Updated on 2025-11-04 GMT+08:00

Collecting and Storing Logs

Viewing User Training Logs (Proc Log)

Proc logs display outputs from user training code. In single-node or multi-node Snt training jobs with multiple PUs, each Snt accelerator card creates a Python log on the screen. These logs from different training processes on one node combine into the training log file mentioned in Viewing Logs and Weights. For troubleshooting, check the individual log files for each training process.

Log in to the container and run the following command to obtain the proc logs:

docker exec -it ${Container ID} bash
cd {container_work_dir}/{af_output_dir}/logs
  • {container_work_dir} is the working directory in the container when the container image is started.
  • {af_output_dir} is the directory for storing weights and logs configured in the YAML file of the training job.

CANN Application Logs

CANN logs record application activities generated by CANN. They consist of two types: host application logs (plog-{pid}-{time}.log) and device application logs (device-{pid}-{time}.log). These logs primarily contain:

  • Logs printed by components (such as GE, FE, AI CPU, TBE, and HCCL) in the compiler and components (such as AscendCL, GE, and Runtime) in the runtime.
  • Logs printed by the AI CPUs and HCCP on the device.
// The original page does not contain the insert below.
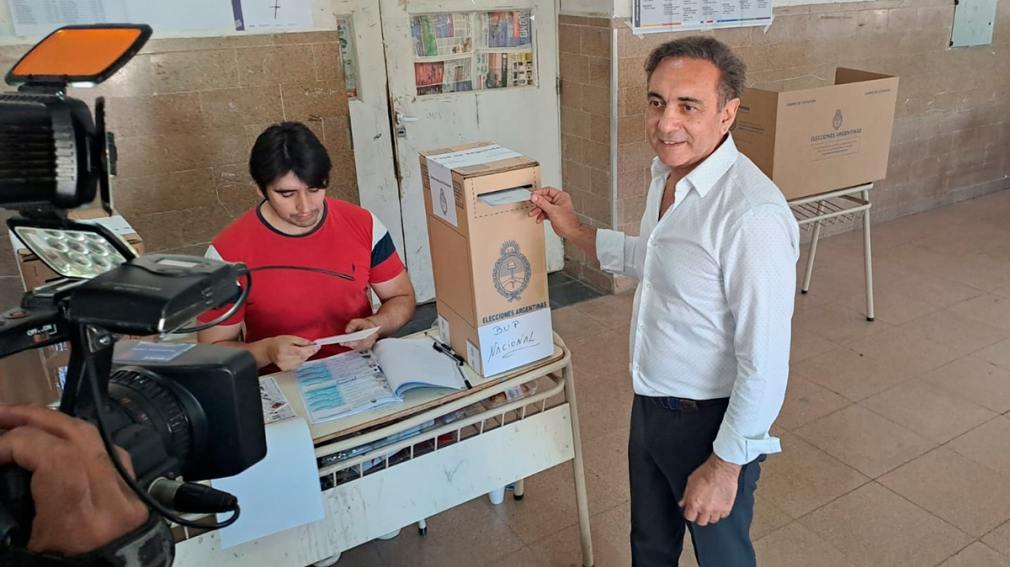 Minutos antes de las 10 de la mañana el candidato a senador por La Libertad Avanza Tomás Figueroa, emitió su voto en la Escuela Industrial.

Log in to the container and run the following command to obtain the CANN logs:

docker exec -it ${Container ID} bash
cd {container_work_dir}/{af_output_dir}/plog
  • {container_work_dir} is the working directory in the container when the container image is started.
  • {af_output_dir} is the directory for storing weights and logs configured in the YAML file of the training job.
  • The run/plog directory contains run logs, and the debug/plog directory contains debug logs for fault analysis and locating.